You can deploy Datasette to other hosting providers using the instructions on this page.

Deployment fundamentals#

Datasette can be deployed as a single datasette process that listens on a port. Datasette is not designed to be run as root, so that process should listen on a higher port such as port 8000.

If you want to serve Datasette on port 80 (the HTTP default port) or port 443 (for HTTPS) you should run it behind a proxy server, such as nginx, Apache or HAProxy. The proxy server can listen on port 80/443 and forward traffic on to Datasette.

Running Datasette using systemd#

You can run Datasette on Ubuntu or Debian systems using systemd.

First, ensure you have Python 3 and pip installed. On Ubuntu you can use sudo apt-get install python3 python3-pip.

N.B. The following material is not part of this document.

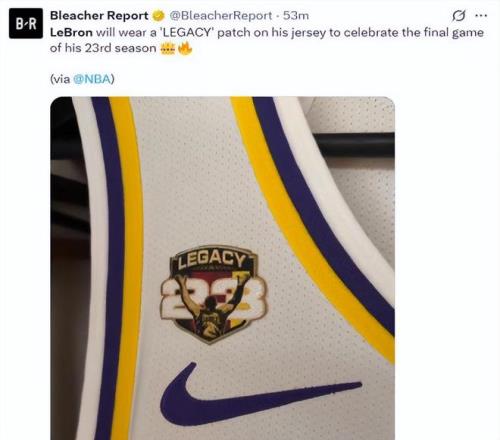 根據(jù)美媒報(bào)道,由于本賽季是詹姆斯第23個(gè)賽季的常規(guī)賽最后一戰(zhàn),在他的球衣上特意增加了一個(gè)圖案徽章,上面寫(xiě)了一個(gè)詞“Legend(傳奇)”。

You can install Datasette into a virtual environment, or you can install it system-wide. To install system-wide, use sudo pip3 install datasette.

Now create a folder for your Datasette databases, for example using mkdir /home/ubuntu/datasette-root.

You can copy a test database into that folder like so:

cd /home/ubuntu/datasette-root
curl -O https://latest.datasette.io/fixtures.db

Create a file at /etc/systemd/system/datasette.service with the following contents:

[Unit]
Description=Datasette
After=network.target

[Service]
Type=simple
User=ubuntu
Environment=DATASETTE_SECRET=
WorkingDirectory=/home/ubuntu/datasette-root
ExecStart=datasette serve . -h 127.0.0.1 -p 8000
Restart=on-failure

[Install]
WantedBy=multi-user.target

Add a random value for the DATASETTE_SECRET - this will be used to sign Datasette cookies such as the CSRF token cookie. You can generate a suitable value like so:

$ python3 -c 'import secrets; print(secrets.token_hex(32))'

This configuration will run Datasette against all database files contained in the /home/ubuntu/datasette-root directory. If that directory contains a metadata.yml (or .json) file or a templates/ or plugins/ sub-directory those will automatically be loaded by Datasette - see Configuration directory mode for details.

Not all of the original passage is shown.